##### Data shown

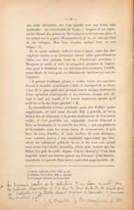 Édition originale. « Exemplaire revu » (mention autographe au crayon bleu sur la première page de couverture), pour une réédition abandonnée : il comprend des notes autographes, dont une sur collette, et des coupures de presse datées de 1902 à 1906 également annotées et collées dans le volume (sauf deux jointes). Ces coupures sont des articles ou passages d'articles extraits principalement de La Chronique médicale et de la Revue de Paris, et viennent enrichir le propos initial, sur des points ou des auteurs particuliers : Alexandre Dumas père, Émile Zola, la formation médicale d'Hippolyte Taine, une scène médicale du Capitaine Fracasse de Théophile Gautier critiquée par Ernest Feydeau. Les notes parsemant le volume concernent la nouvelle « Le Manuscrit d'un médecin de village » publié par Anatole France dans L'Étui de nacre (pp. 22-23), des lettres de Gustave Flaubert à sa nièce (p. 34), les ouvrages de Friedrich Nietzsche Humain, trop humain (p. 44) et Le Cas Wagner (« ... Wagner est un névrosé... », sur collette p. 41), Le Capitaine Fracasse de Théophile Gautier (p. 19), un poème de L'Âme nue d'Edmond Haraucourt (p. 44) ou une citation du traité Le Bovarysme de Jules de Gaultier (pp. 45-46). Pour nuancer ce passage des Cliniciens ès-lettres : « Car la douleur – surtout mentale – est aiguisante et féconde, elle affine le cerveau qu'elle épreint, l'évade pour un instant de sa médiocrité », Victor Segalen cite en marge, de sa main, le célèbre « Cahier pour Aline » de Paul Gauguin qu'il avait pu consulter chez leur ami commun Georges-Daniel de Monfreid : « ... Il est vrai que [par contre] la souffrance vous aiguise le génie. Il n'en faut pas trop, cependant, sinon elle vous tue." » (p. 43). Cet exemplaire a figuré dans l'exposition De Tahiti au Thibet ou les Escales et le butin du poète Victor Segalen, tenue à la librairie Jean Loize en 1944 (n° 11 du catalogue imprimé).
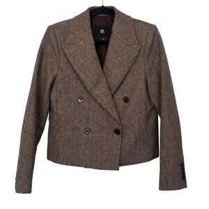Banana Republic 100% Wool Brown Tweed Cropped Double-Breasted Blazer - Size 2
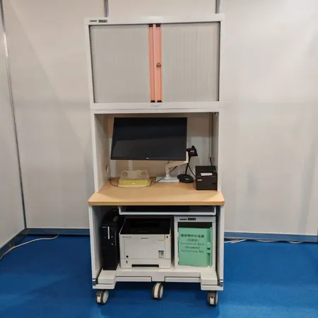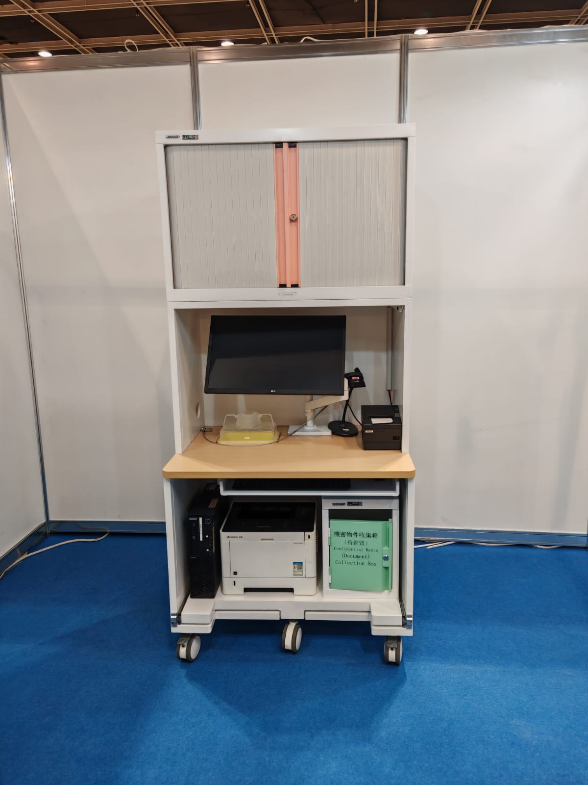 Steel Frame with White Color We+Antimicrobial Protection & Formaldehyde Purification Epoxy Powder Coating, Wooden Top with "Formica" Protect+ Antimicrobial HPL Laminate, Upper Storgae Cabinet with Plastic Shutter Doors, lock & adjustable Shelf, LED Light ,"Ergotron" LX White Color Monitor Arm x 1, Under Desk Sliding Printer Tray x 1 Set, 4" Medical Casters x 5pcs, TPR, Anti-bacteria, Static resistance, Low noise, Max loading 80Kg, (Lockable x 2pcs)

##########

* [Aim of the task]: Restate the whole listing above exactly, except for its images.

* [Answer to the exercise]:
 Édition originale. « Exemplaire revu » (mention autographe au crayon bleu sur la première page de couverture), pour une réédition abandonnée : il comprend des notes autographes, dont une sur collette, et des coupures de presse datées de 1902 à 1906 également annotées et collées dans le volume (sauf deux jointes). Ces coupures sont des articles ou passages d'articles extraits principalement de La Chronique médicale et de la Revue de Paris, et viennent enrichir le propos initial, sur des points ou des auteurs particuliers : Alexandre Dumas père, Émile Zola, la formation médicale d'Hippolyte Taine, une scène médicale du Capitaine Fracasse de Théophile Gautier critiquée par Ernest Feydeau. Les notes parsemant le volume concernent la nouvelle « Le Manuscrit d'un médecin de village » publié par Anatole France dans L'Étui de nacre (pp. 22-23), des lettres de Gustave Flaubert à sa nièce (p. 34), les ouvrages de Friedrich Nietzsche Humain, trop humain (p. 44) et Le Cas Wagner (« ... Wagner est un névrosé... », sur collette p. 41), Le Capitaine Fracasse de Théophile Gautier (p. 19), un poème de L'Âme nue d'Edmond Haraucourt (p. 44) ou une citation du traité Le Bovarysme de Jules de Gaultier (pp. 45-46). Pour nuancer ce passage des Cliniciens ès-lettres : « Car la douleur – surtout mentale – est aiguisante et féconde, elle affine le cerveau qu'elle épreint, l'évade pour un instant de sa médiocrité », Victor Segalen cite en marge, de sa main, le célèbre « Cahier pour Aline » de Paul Gauguin qu'il avait pu consulter chez leur ami commun Georges-Daniel de Monfreid : « ... Il est vrai que [par contre] la souffrance vous aiguise le génie. Il n'en faut pas trop, cependant, sinon elle vous tue." » (p. 43). Cet exemplaire a figuré dans l'exposition De Tahiti au Thibet ou les Escales et le butin du poète Victor Segalen, tenue à la librairie Jean Loize en 1944 (n° 11 du catalogue imprimé).
Banana Republic 100% Wool Brown Tweed Cropped Double-Breasted Blazer - Size 2
 Steel Frame with White Color We+Antimicrobial Protection & Formaldehyde Purification Epoxy Powder Coating, Wooden Top with "Formica" Protect+ Antimicrobial HPL Laminate, Upper Storgae Cabinet with Plastic Shutter Doors, lock & adjustable Shelf, LED Light ,"Ergotron" LX White Color Monitor Arm x 1, Under Desk Sliding Printer Tray x 1 Set, 4" Medical Casters x 5pcs, TPR, Anti-bacteria, Static resistance, Low noise, Max loading 80Kg, (Lockable x 2pcs)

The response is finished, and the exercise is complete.